Git

Git

By connecting a Git repository to Super, you can search and ask questions across the documentation and source files in that repo. Super clones your repo over Git and indexes its contents directly.
This article covers connecting a Git repository, what gets indexed, the Index code option, and permissions.

Connecting Git & Super

Required Permissions for Setup

To connect Super and Git, you must have the necessary permissions* in both platforms.
  • In Super: Permission to add or remove data sources depends on your team's settings. By default, only workspace admins or owners can set up a connection. However, a Super admin can enable a setting to allow all members to add and remove data sources.
  • In Git: You need a repository URL Super can reach over HTTPS or SSH, plus an SSH private key if you're using the SSH transport. For private repos, the key must have read access to the repository.
*If you don't have these permissions, ask your Git admin to provide the repository URL and SSH key.

Initial Git Connection

    In Super, click Data Sources in the sidebar.
    Click + New source , then choose or search for Git and click Add a repository .
    Enter your Repository URL — Super accepts SSH ( git@github.com:org/repo.git ) or HTTPS ( https://example.com/foo/bar.git ).
    (Optional) Toggle Index code on if you want Super to index all source files in the repo, not just markdown documentation.
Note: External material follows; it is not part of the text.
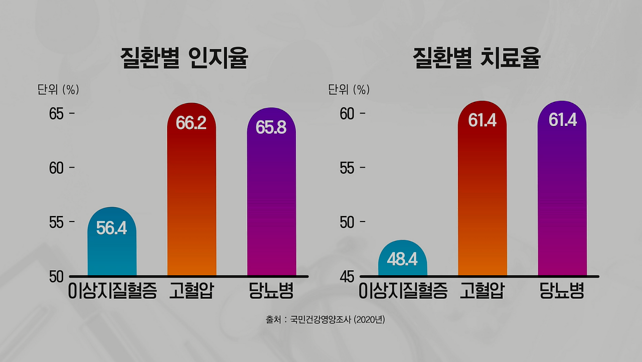 이상지질혈증 진단을 받고서도 심각성을 잘 모르는 사람들이 많다. 이상지질혈증은 당뇨병, 고혈압과 같이 심뇌혈관질환의 주요 선행 질환으로 꼽히는 질환이다. 하지만, 조사 결과 두 질환에 비해 인지율이 낮고 치료율도 10%가량 낮게 나타났다.

See The Index code option below for what this changes.
    (Optional) Paste your Private SSH key if you're using the SSH transport. Leave blank for HTTPS.
    Click Submit .
Large repositories may have longer initial sync times

How Super uses your Git data

Super clones your Git repository over the Git protocol and indexes the files in it. By default, only markdown (.md) files are indexed — typically your documentation, READMEs, design docs, and runbooks.
Super re-syncs each repository every 6 hours. Files that haven't changed are skipped, so re-syncs are fast.

The Index code option

When Index code is enabled on a connection, Super also indexes all other text files in the repository (source code, config files, scripts), not just markdown. Each indexed file can be up to 512 KB; larger files and binary files are skipped.
Indexing code is only available through the Git source. The GitHub and GitLab connectors index issues and pull/merge requests only — to index a repository's source files, connect it as a Git source, even if it's hosted on GitHub or GitLab.
You can toggle this at connection time or later — open the 3-dot menu on the Git connection in the Data Sources panel and click Edit settings.

Access Control & Privacy

Git is a  Shared  source: once a repository is connected, its content is available to your Super workspace as a whole rather than being matched to each user's permissions in your Git host.
By default a newly connected repository is restricted to workspace admins. To open it to more people, go to the connection in the Data Sources panel and adjust access. See  Controlling access to shared sources  for details.

Frequently asked questions

Does Super write back to my repository?

No. Super clones your repo read-only and never pushes, commits, comments, or modifies anything on the remote.

What does "Index code" actually index?

All text files in the repository, including source code, config files, and scripts. Files larger than 512 KB are skipped, and binary files are detected and excluded automatically. With Index code disabled (the default), only .md markdown files are indexed.

Can I update the SSH key or change Index code after connecting?

Yes. Open the 3-dot menu on the Git connection in the Data Sources panel and click Edit settings.

How often does Super re-sync the repository?

Every 6 hours. Files with unchanged content are skipped, so re-syncs are fast even for large repos.